# wiring question Lionel O Gauge



## gpgold (Apr 7, 2011)

I'm from NJ and was building my dream train table in my basement when my wife (now ex) got a job transfer to California. Fast forward a few years, new wife - new house, I started a new table in our screened in porch. I think I posted some photos then. The potential seemed great, but it turned out to be very problematic. My old O-gauge track would start to rust when there was rain, from the humidity and condensation. Then there was the gritty dust that would blow in, awful.

I was considering closing the porch in with sliding windows to solve the problem. The cost was a bit much. My son suggested using the garage.
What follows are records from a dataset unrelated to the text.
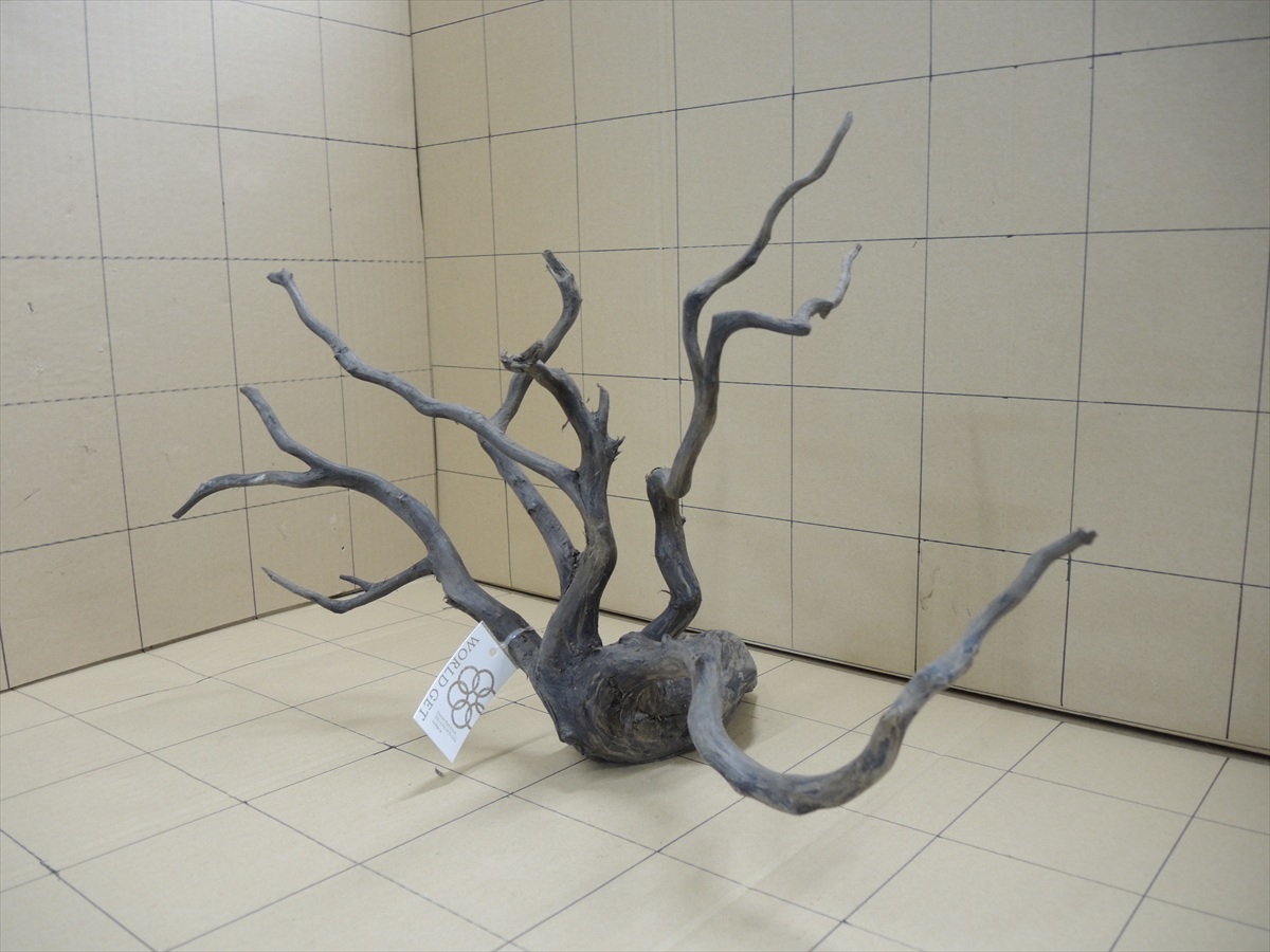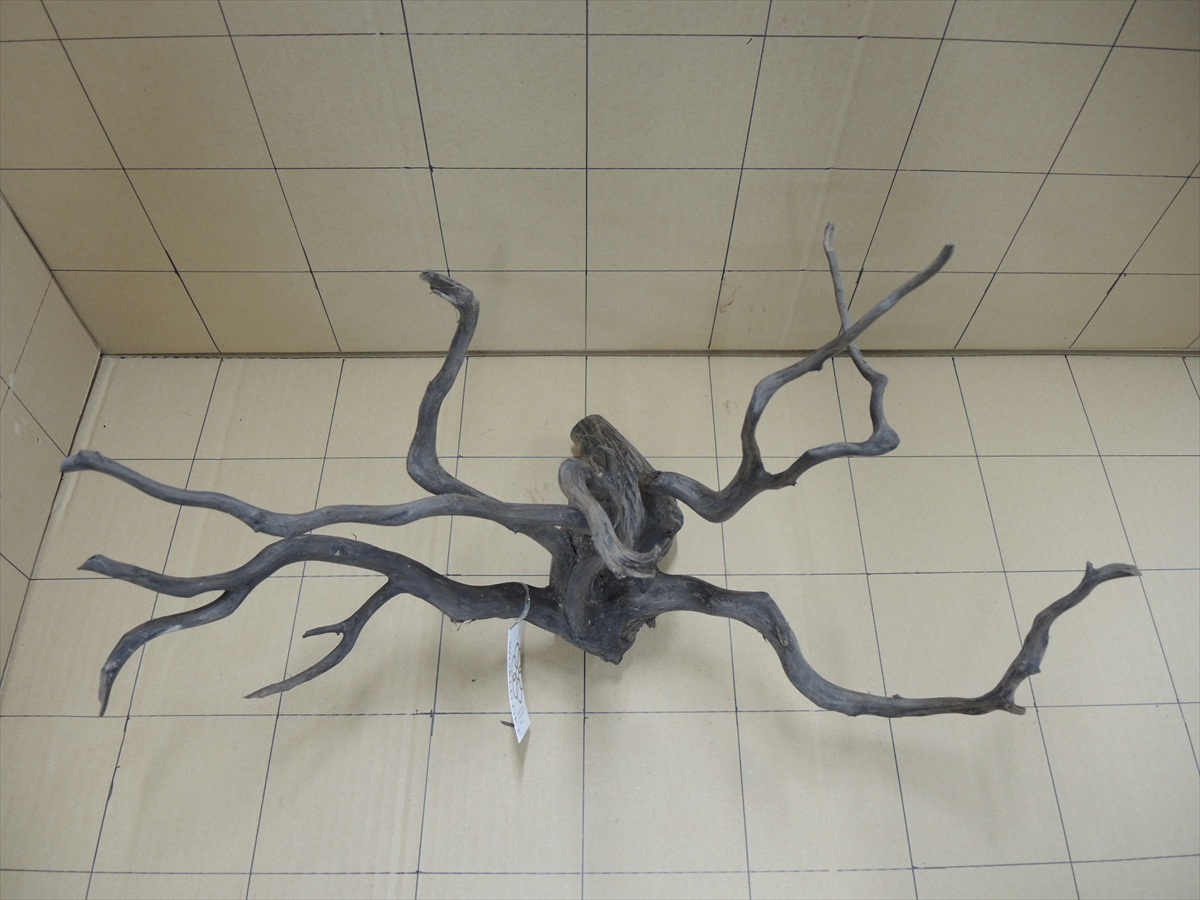画像の1マスは10cmです。沈むまで3週間くらいかかります。 Rmr8002 黒枝流木8002 LLサイズ 5,500円 在庫:1 個数:1 この商品に関するお問い合わせ 「黒枝流木 ブラックブランチウッド」は多分岐した形状が魅力で単に置くだけで絵になる流木です。枝先には人工的な切り口が無いので自然観を損ねません。 乾燥しているので沈むまで3週間くらいかかります。重しをして水槽に沈めて置いて下さい。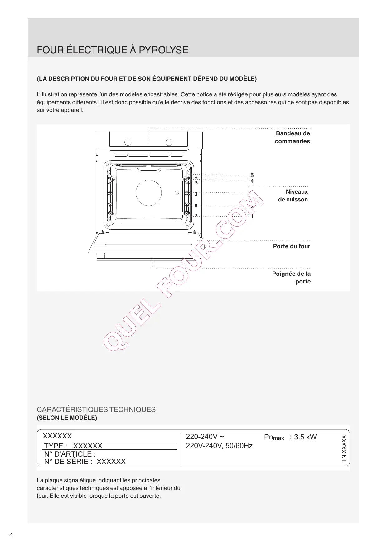 La plaque signalétique indiquant les principales caractéristiques techniques est apposée à l’intérieur du four. Elle est visible lorsque la porte est ouverte.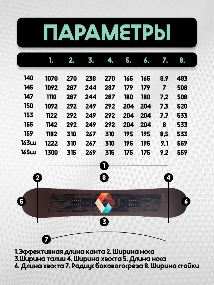 Геометрия определяется рядом характеристик: Ростовка - это длина доски от ее носа до хвоста. Как правило, соотношение веса райдера и рекомендуемой ростовки указано в таблицах описания моделей. Ширина носа и хвоста - это расстояние между самыми удаленными друг от друга точками, носа и хвоста, соответственно. Обычно эти два показателя определяют симметрию или асимметрию сноуборда. Ширина талии - это расстояния между ближайшими точками боковых поверхностей доски. Эффективная длина канта - это та часть канта доски, которая касается склона при движении и поворотах. Радиус бокового выреза - это радиус воображаемой окружности, часть которой проходит по боковой части канта доски.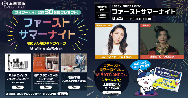 本キャンペーンは同社が提供しているTOKYO FM1ヶ月間限定プログラム『太田胃散 presents Friday Night Party ファーストサマーナイト』(8月パーソナリティ:ファーストサマーウイカさん 毎週金曜日19:00~OA)とのコラボ企画となっておりますので、ぜひ番組もお聴きください。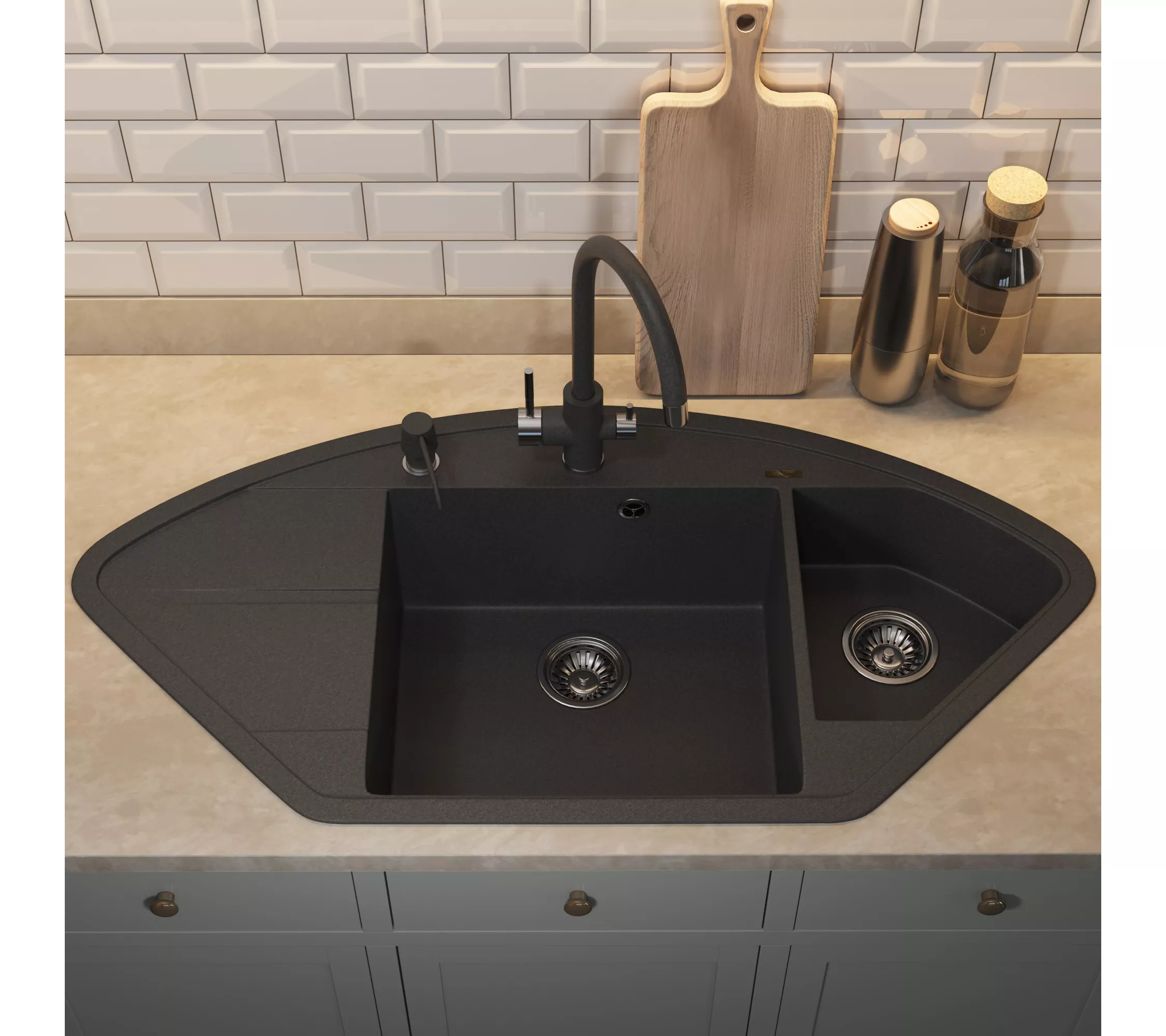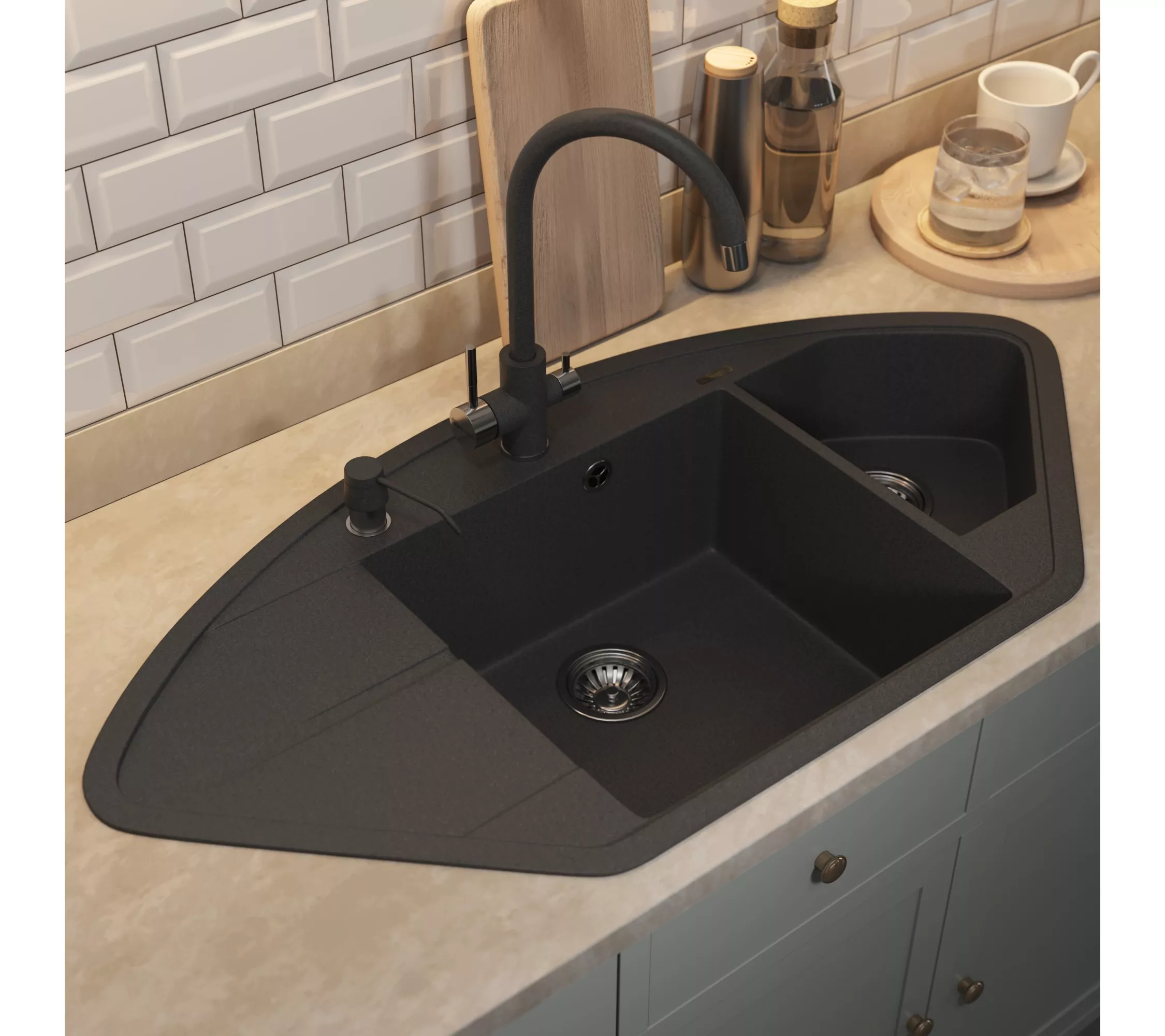 Угловая мойка для кухни Quartz UPD-06 от бренда Uperwood имеет 2 чаши и выполнена из кварцевого композита. Мойка оснащена небольшим по размеру крылом с левой стороны. Отверстие для смесителя вырезается с помощью фрезы на усмотрение покупателя. Кварцевые кухонные мойки Uperwood отличаются своей практичностью, легкостью в уходе и увеличенным сроком службы по сравнению с искусственным камнем или нержавеющей сталью.

My wife said fine. This sounded good. She was happy to recover the other half of the porch - I was getting a weather-proof location. Then I had the bright idea to tell her that I would look into building a table that I could raise so we could put a car under it. Well it is in place and it works! The platform is 8x12, it stands about 39" high and goes up enough to pull a car underneath.

I'm posting a shot of the layout and I could use help with a wiring question. I want to be able to run three trains continuously. The inner loop (#3) is connected to loop 2 by two switches which are highlighted in blue. Number three is where most of the operating accessories are located. How do I set it up to isolate #3 when I want to?

Thanks for any help!

Gary

PS - I think I originally posted this to the wrong place so I've copied it to this area.


----------



## DonR (Oct 18, 2012)

I went ahead and responded to your post in the original
thread. 

Don


----------



## gpgold (Apr 7, 2011)

Thanks Don.


----------